#### What is expected:
Beneath this line sits some data. Return only its lines from the one holding "銘記國家之殤,汲取奮斗力量。" through the one holding "Hidden in it’s", inclusive, exactly, with the images removed.

#### Source material:
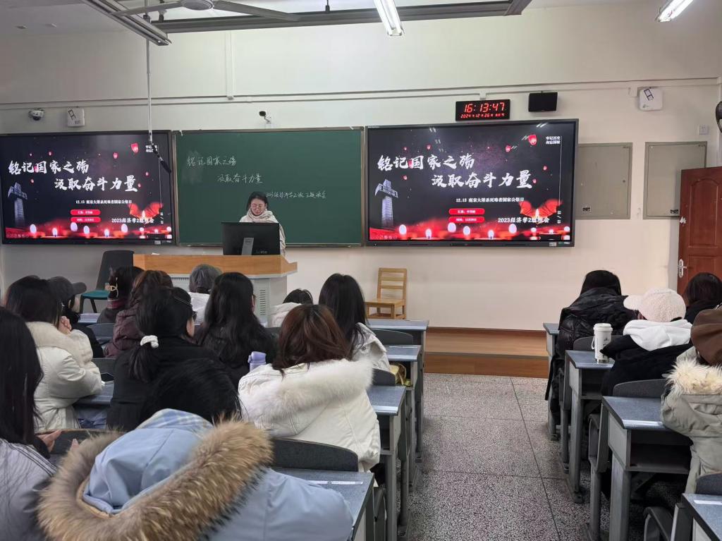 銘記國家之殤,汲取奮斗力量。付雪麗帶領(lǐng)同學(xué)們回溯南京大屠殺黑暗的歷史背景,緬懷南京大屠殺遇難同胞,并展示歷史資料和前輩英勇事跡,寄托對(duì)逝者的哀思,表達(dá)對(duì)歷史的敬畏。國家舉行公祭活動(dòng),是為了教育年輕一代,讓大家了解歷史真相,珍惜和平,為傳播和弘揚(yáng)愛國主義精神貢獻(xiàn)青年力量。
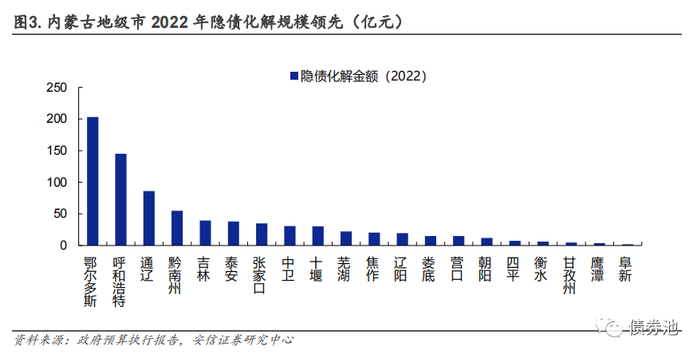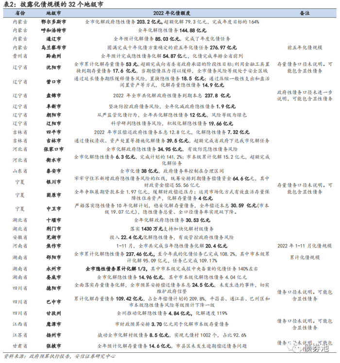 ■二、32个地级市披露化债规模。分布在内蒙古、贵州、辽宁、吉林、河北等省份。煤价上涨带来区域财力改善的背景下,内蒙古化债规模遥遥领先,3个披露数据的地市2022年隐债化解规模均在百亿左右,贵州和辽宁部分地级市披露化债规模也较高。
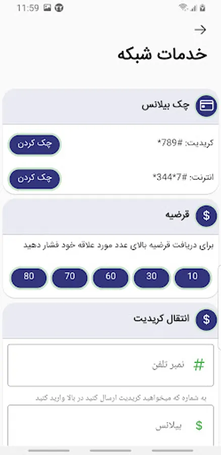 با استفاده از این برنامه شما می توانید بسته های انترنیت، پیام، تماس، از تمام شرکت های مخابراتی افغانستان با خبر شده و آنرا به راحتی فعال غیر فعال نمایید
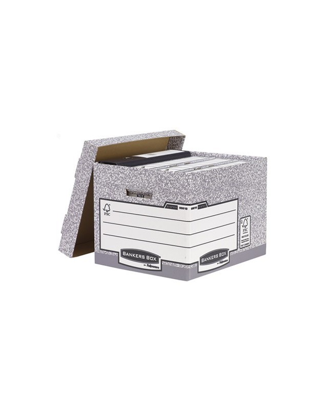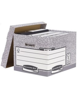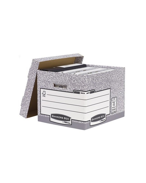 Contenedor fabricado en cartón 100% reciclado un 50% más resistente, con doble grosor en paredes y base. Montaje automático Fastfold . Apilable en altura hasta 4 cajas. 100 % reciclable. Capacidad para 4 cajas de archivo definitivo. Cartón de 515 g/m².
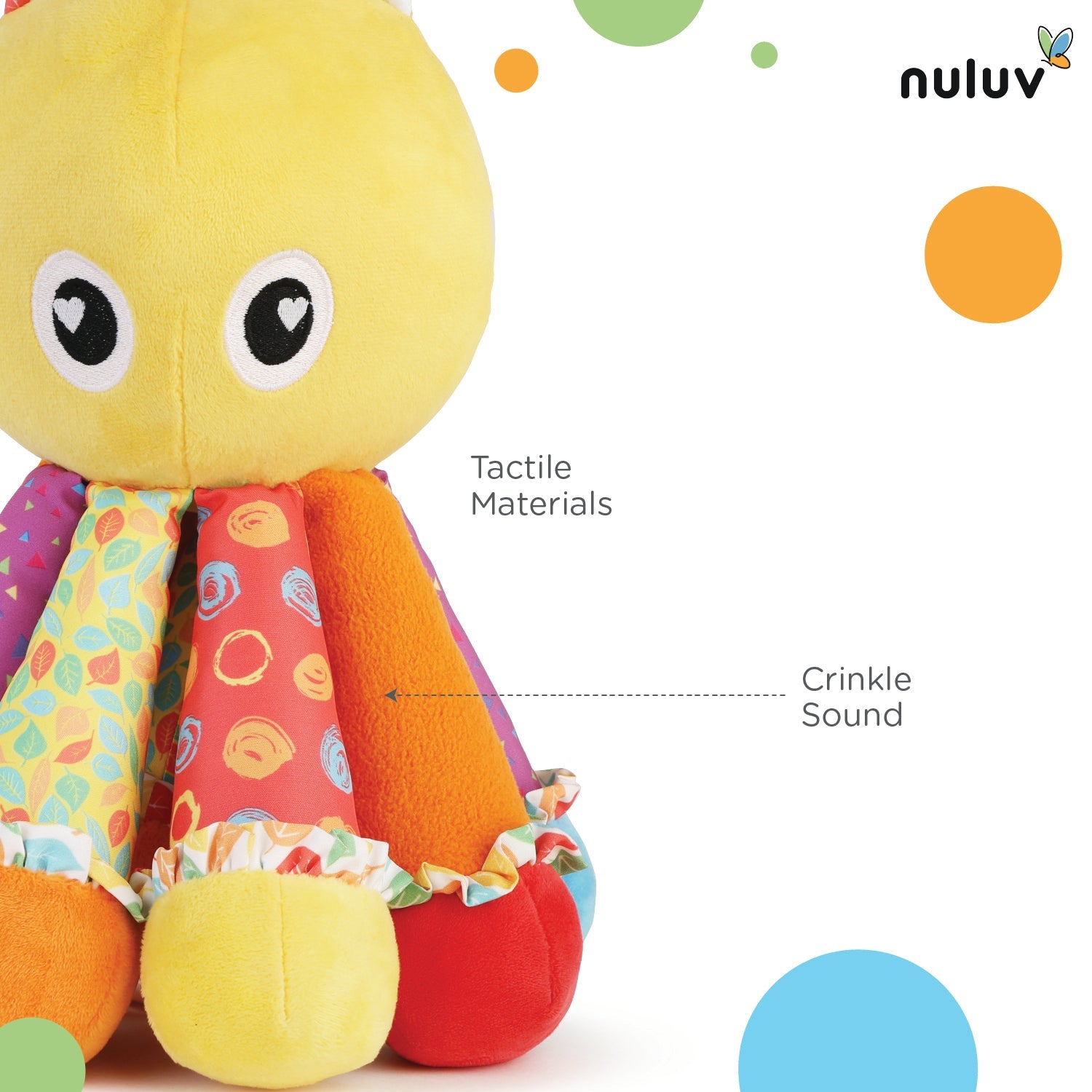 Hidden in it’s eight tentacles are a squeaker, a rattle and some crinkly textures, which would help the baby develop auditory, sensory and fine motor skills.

---

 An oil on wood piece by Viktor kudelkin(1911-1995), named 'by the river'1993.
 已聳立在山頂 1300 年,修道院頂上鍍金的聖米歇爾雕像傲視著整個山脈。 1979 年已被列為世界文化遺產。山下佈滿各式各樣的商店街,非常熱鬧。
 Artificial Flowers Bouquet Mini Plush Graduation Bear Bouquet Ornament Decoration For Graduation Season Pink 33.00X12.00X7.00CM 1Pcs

* * *

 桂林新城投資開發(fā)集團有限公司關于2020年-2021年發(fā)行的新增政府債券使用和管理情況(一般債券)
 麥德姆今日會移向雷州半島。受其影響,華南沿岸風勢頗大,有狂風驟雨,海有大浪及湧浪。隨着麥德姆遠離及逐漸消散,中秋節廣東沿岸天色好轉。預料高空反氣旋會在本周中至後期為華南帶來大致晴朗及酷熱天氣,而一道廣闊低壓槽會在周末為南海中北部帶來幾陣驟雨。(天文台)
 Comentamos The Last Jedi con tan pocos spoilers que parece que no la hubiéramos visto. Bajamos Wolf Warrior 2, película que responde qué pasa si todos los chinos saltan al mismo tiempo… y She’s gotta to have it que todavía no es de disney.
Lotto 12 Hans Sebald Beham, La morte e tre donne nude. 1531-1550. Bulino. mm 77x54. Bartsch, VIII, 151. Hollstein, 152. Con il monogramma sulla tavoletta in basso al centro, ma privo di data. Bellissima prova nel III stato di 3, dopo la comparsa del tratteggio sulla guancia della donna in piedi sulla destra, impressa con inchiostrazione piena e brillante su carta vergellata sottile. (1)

#### Solution to the exercise:
 銘記國家之殤,汲取奮斗力量。付雪麗帶領(lǐng)同學(xué)們回溯南京大屠殺黑暗的歷史背景,緬懷南京大屠殺遇難同胞,并展示歷史資料和前輩英勇事跡,寄托對(duì)逝者的哀思,表達(dá)對(duì)歷史的敬畏。國家舉行公祭活動(dòng),是為了教育年輕一代,讓大家了解歷史真相,珍惜和平,為傳播和弘揚(yáng)愛國主義精神貢獻(xiàn)青年力量。
 ■二、32个地级市披露化债规模。分布在内蒙古、贵州、辽宁、吉林、河北等省份。煤价上涨带来区域财力改善的背景下,内蒙古化债规模遥遥领先,3个披露数据的地市2022年隐债化解规模均在百亿左右,贵州和辽宁部分地级市披露化债规模也较高。
 با استفاده از این برنامه شما می توانید بسته های انترنیت، پیام، تماس، از تمام شرکت های مخابراتی افغانستان با خبر شده و آنرا به راحتی فعال غیر فعال نمایید
 Contenedor fabricado en cartón 100% reciclado un 50% más resistente, con doble grosor en paredes y base. Montaje automático Fastfold . Apilable en altura hasta 4 cajas. 100 % reciclable. Capacidad para 4 cajas de archivo definitivo. Cartón de 515 g/m².
 Hidden in it’s eight tentacles are a squeaker, a rattle and some crinkly textures, which would help the baby develop auditory, sensory and fine motor skills.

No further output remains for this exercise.